When the smolt swim to the sea they look for sea currents which bring them to their feeding grounds. The smolts find food and the right temperature in these currents and stay in the ocean for one or two years before they run back to the rivers as adult salmons.

An article in the “Journal of Fish Biology” (see link further down on page) discusses these currents the smolts swim in while in the ocean. There it says that every few years a big mass of fresh but cold seawater which holds little nourishment comes streaming from where it has gathered in the northern part of the ocean. This big current goes down the east coast of Greenland and down to Canada. The Gulfstream then moves it to Europe and to the coast of Norway until it ends back in the north where it increases until it circulates again. Other smaller currents diverge from this main current and go for example up to the west coast of Iceland, down the east coast and between the Faroe Islands and Iceland. Many think that when the smolts end up in this cold current which holds little nourishment, their stocks decline much further than usually.

Scientists call this mass of fresh but foodless water the Merry-Go-Round. No one has been able to ascertain when the Merry-go-round starts but all fishermen have known good summers and very bad summers. What we know is that the Merry-go-round goes past and then warmer currents follow and the fishing gets better.

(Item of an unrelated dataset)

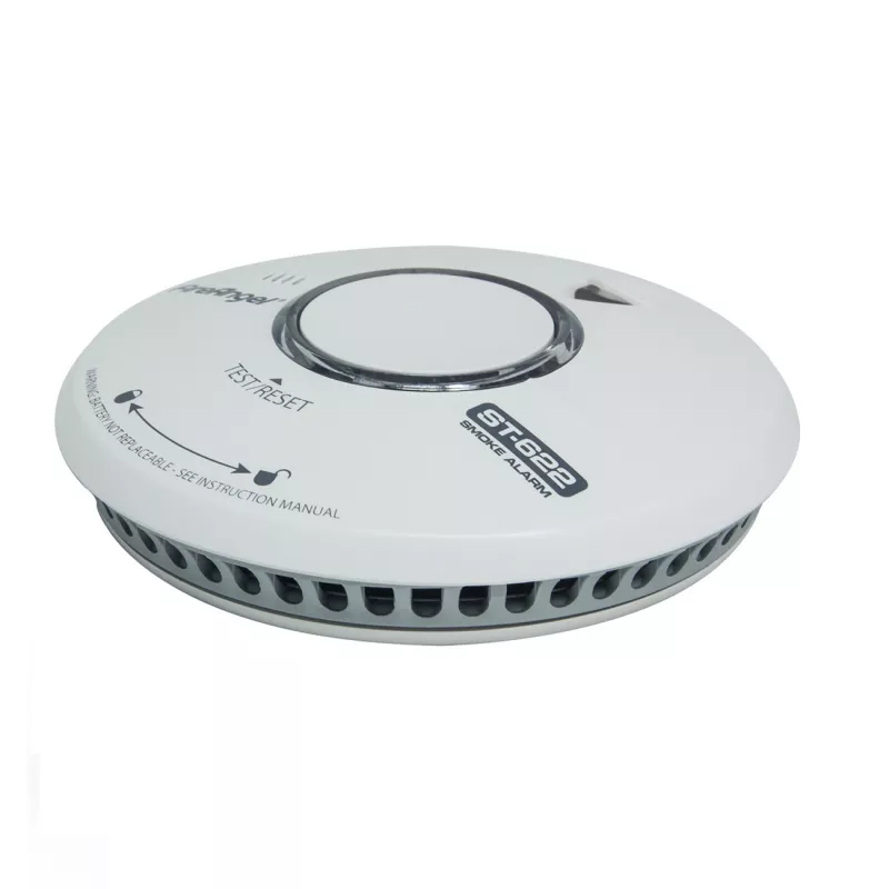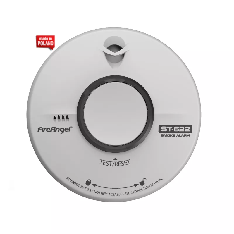 FireAngel ST-622 to certyfikowany czujnik dymu posiadający opatentowane sensory THERMOPTEK, które pozwalają dwukrotnie szybciej zareagować na pojawiające się źródła ognia, znacząco podnosząc poziom bezpieczeństwa użytkowników. Jest bardzo łatwy w obsłudze a ponad to zintegrowana bateria litowa, która nie wymaga ładowania ani wymiany przez cały okres użytkowania. Funkcja SLEEP-EASY pozwala na wyciszenie alarmu dźwiękowego, który będzie sygnalizował koniec okresu użytkowania, na kolejne 8 godzin, tak aby ułatwić możliwość wymiany urządzenia na nowe, nie zakłócając przy tym naszego snu. Czujnik posiada 10-letnią gwarancję.

http://onlinelibrary.wiley.com/doi/10.1111/j.1095-8649.2010.02673.x/abstract

 

It is tempting to think that this explains the decline last year. This cold and foodless current could also explain the large amount of small salmon. It has been established that in some rivers a lot of 4 to 5 pound salmon have been caught, which have been two years in the sea and therefore their length should be 80 cm or more.

Of all the theories I have heard about bad fishing summers I think this is one of the most rational. And taking this theory into account it’s obvious how important it is that the natural spawning habitat in the rivers is always as good as it can possibly be. We have done everything to ensure that here on the banks of Vatnsdalsá.